FROM the contrariety of some of the natural faculties of the mind, one to another, as also of one passion to another, and from their reference to conversation, there has been an argument taken to infer an impossibility that any one man should be sufficiently disposed to all sorts of civil duty. The severity of judgement, they say, makes men censorious and unapt to pardon the errors and infirmities of other men: and on the other side, celerity of fancy makes the thoughts less steady than is necessary to discern exactly between right and wrong. Again, in all deliberations, and in all pleadings, the faculty of solid reasoning is necessary: for without it, the resolutions of men are rash, and their sentences unjust: and yet if there be not powerful eloquence, which procureth attention and consent, the effect of reason will be little. But these are contrary faculties; the former being grounded upon principles of truth; the other upon opinions already received, true or false; and upon the passions and interests of men, which are different and mutable.

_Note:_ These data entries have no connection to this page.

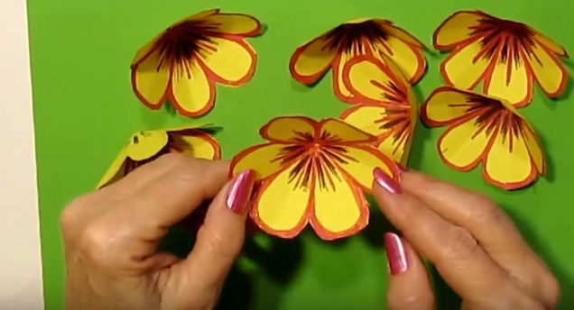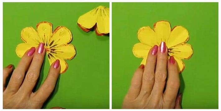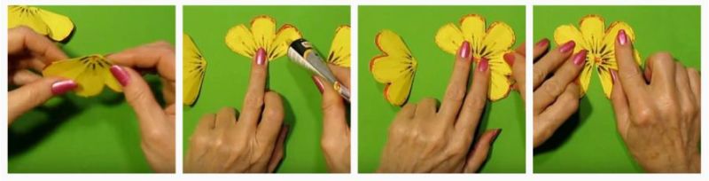 8. Отримані квіти згинаємо навпіл. Тепер нам потрібно зібрати їх в красивий букет. За бічні пелюстки приклеюємо до одній квітці два, з обох сторін.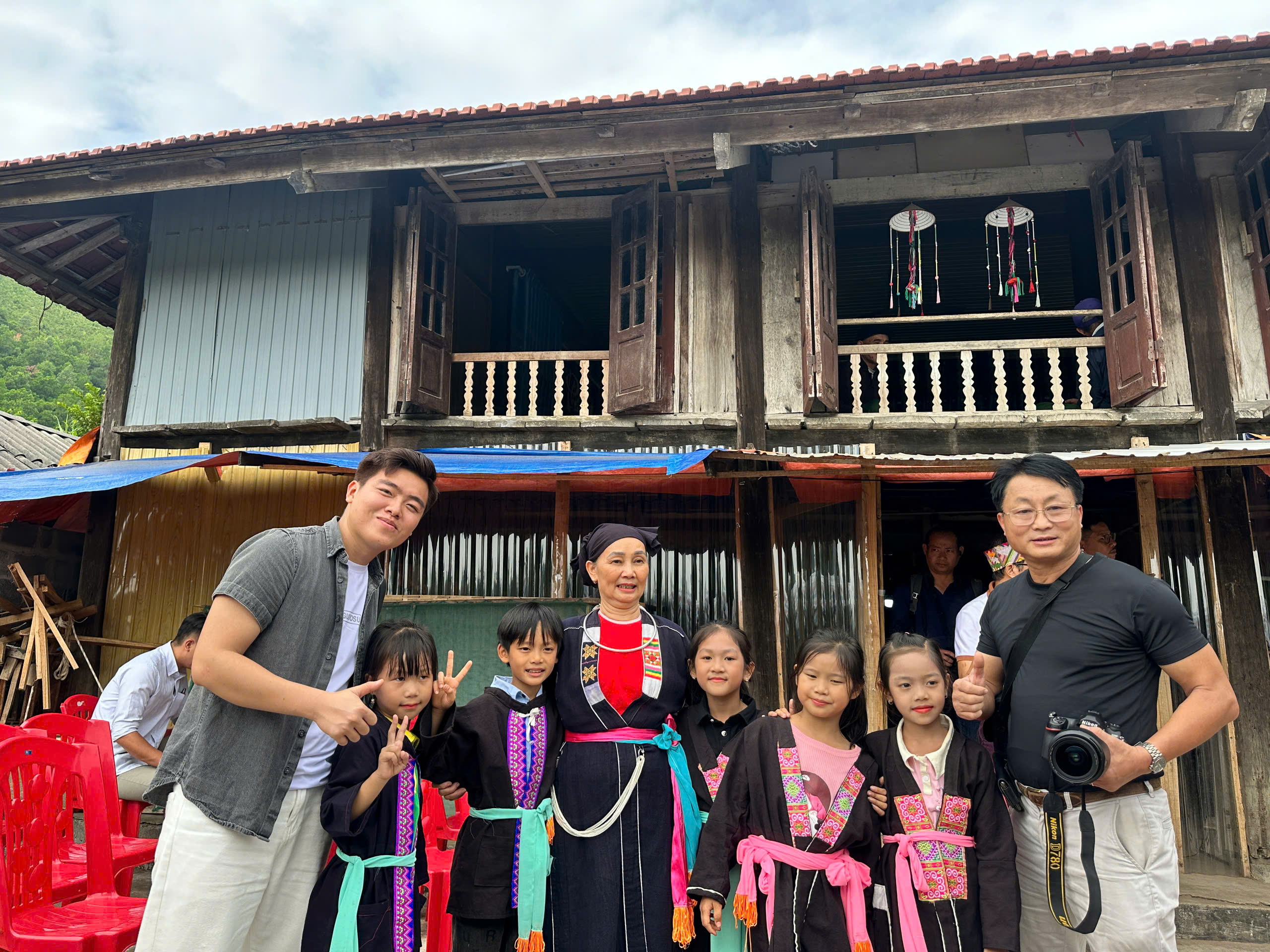 Du khách chụp ảnh lưu niệm với người dân tộc Sán Chay.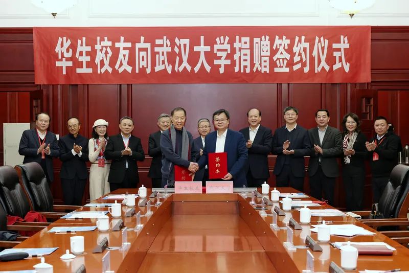 当天下午,华生校友捐赠签约仪式在武汉大学行政楼一会议室举行。张平文与华生校友签署捐赠协议并颁发捐赠证书。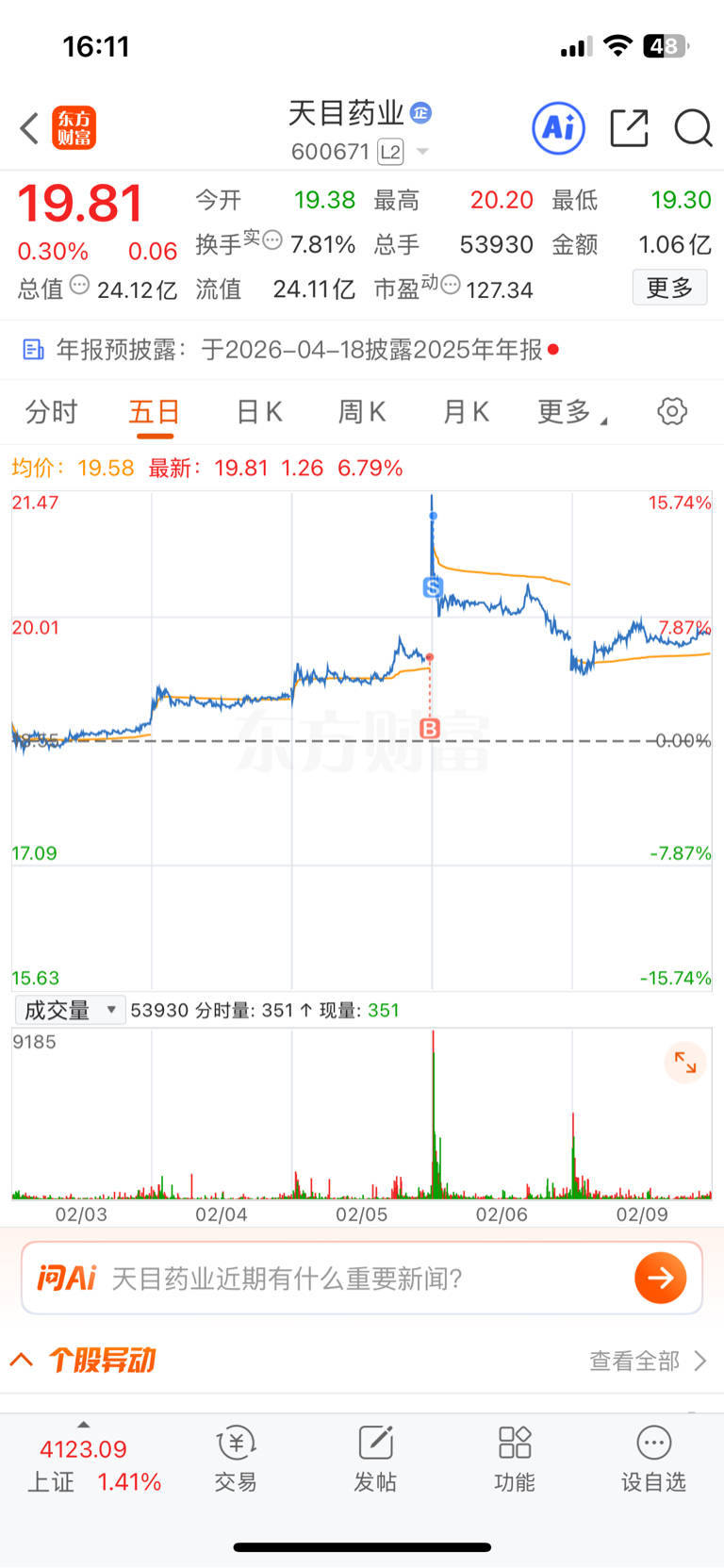 $天目药业(SH600671)$ 回来看看大家,上周五不涨停就不是好东西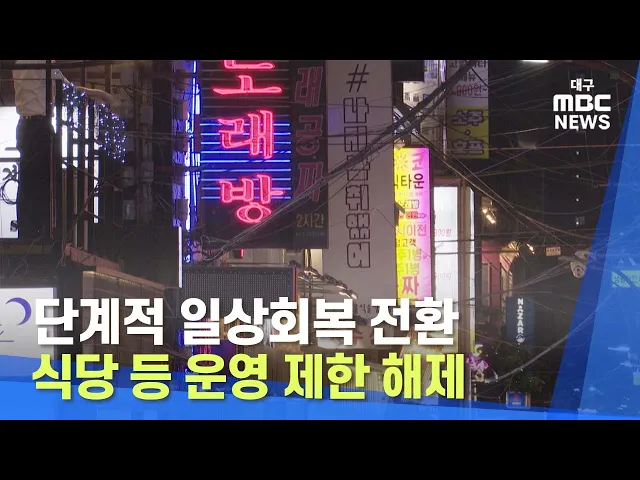 단계적 일상회복 전환으로 오늘부터 대구에서도 식당과 카페, 노래연습장과 목욕장업의 운영 제한이 해제됩니다.유흥시설과 콜라텍 무도장 등은 자정까지만 운영할 수 있습니다.단 유흥시설과 노래연습장, 실내체육시설과 목욕장업, 경마, 경륜, 카지노 등 일부 고위험시설에 대해서는 접종 완료자와 검사 음성자만 이용할 ...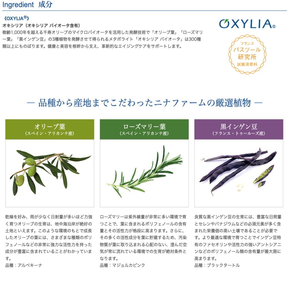 OX-288には独自成分オキシリア(オキシリア バイオータ含有)を配合。樹齢1,000年を越える千寿オリーブのマイクロバイオータ(微生物)を活用した発酵技術で「オリーブ葉」「ローズマリー葉」「黒インゲン豆」の3種植物を発酵させて得たメタボライト(代謝産物)は相乗効果を持って働き、優れたパフォーマンスを可能にします。いつまでも若々しくすこやかな毎日を目指す、新たなエイジングケアアプローチがあなたの未来をサポートします。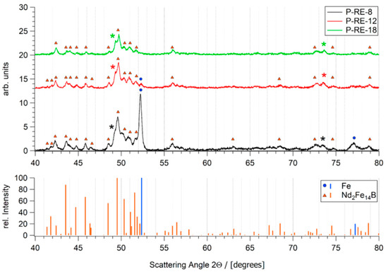 Diffractograms of the three pre-alloys (measured as powders). Detected phases α-Fe and 14:2:1 (ϕ) with their corresponding peaks are shown below. Additionally, the phases that have been identified in the X-ray diffraction (XRD) chart (ϕ phase, α-Fe for P-RE-8 and P-RE-12, ϕ phase for P-RE-18) are marked in the diffractograms. The asterisk marks two unidentified peaks that probably belong to the rare earth (RE) rich phase.
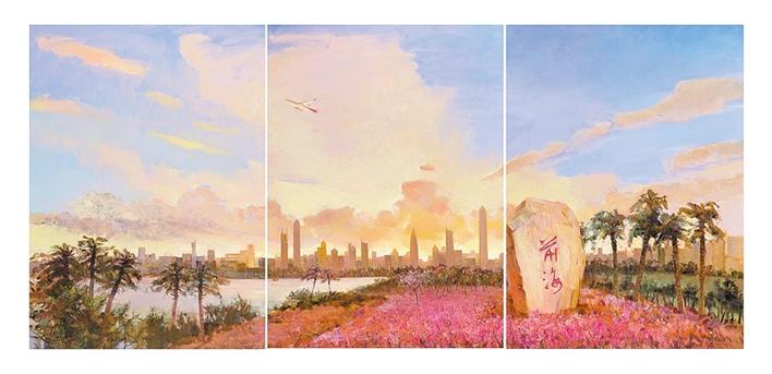 在創(chuàng)作中,文禎非用了現(xiàn)實(shí)的元素,前海標(biāo)志性石碑,棕櫚樹代表著南方特征,前海距離寶安機(jī)場很近,天空中的深航飛機(jī)象征著深圳開放的胸懷,遠(yuǎn)處平安大廈等標(biāo)志性現(xiàn)代化建筑一字排開,地面是深圳市花簕杜鵑……“這些都是深圳人熟悉的現(xiàn)實(shí)素材,在畫面展現(xiàn)時(shí)更多地把對深圳未來發(fā)展的憧憬和信心放入了畫面,調(diào)整了前海石碑與建筑的視覺關(guān)系,地面一片簕杜鵑是深圳創(chuàng)業(yè)初期英雄主義激情的象征,更代表著新時(shí)期深圳創(chuàng)新創(chuàng)造的活力與熱情;現(xiàn)代建筑的背景也預(yù)示著深圳40年來的成就也為前海發(fā)展提供了堅(jiān)實(shí)基礎(chǔ);早晨天空中朝霞放射狀的光芒萬丈,表達(dá)了對未來的憧憬……”文禎非滔滔不絕中透露出創(chuàng)作時(shí)的激情。

And amongst the passions, courage (by which I mean the contempt of wounds and violent death) inclineth men to private revenges, and sometimes to endeavour the unsettling of the public peace: and timorousness many times disposeth to the desertion of the public defence. Both these, they say, cannot stand together in the same person.
And to consider the contrariety of men's opinions and manners in general, it is, they say, impossible to entertain a constant civil amity with all those with whom the business of the world constrains us to converse: which business consisteth almost in nothing else but a perpetual contention for honour, riches, and authority.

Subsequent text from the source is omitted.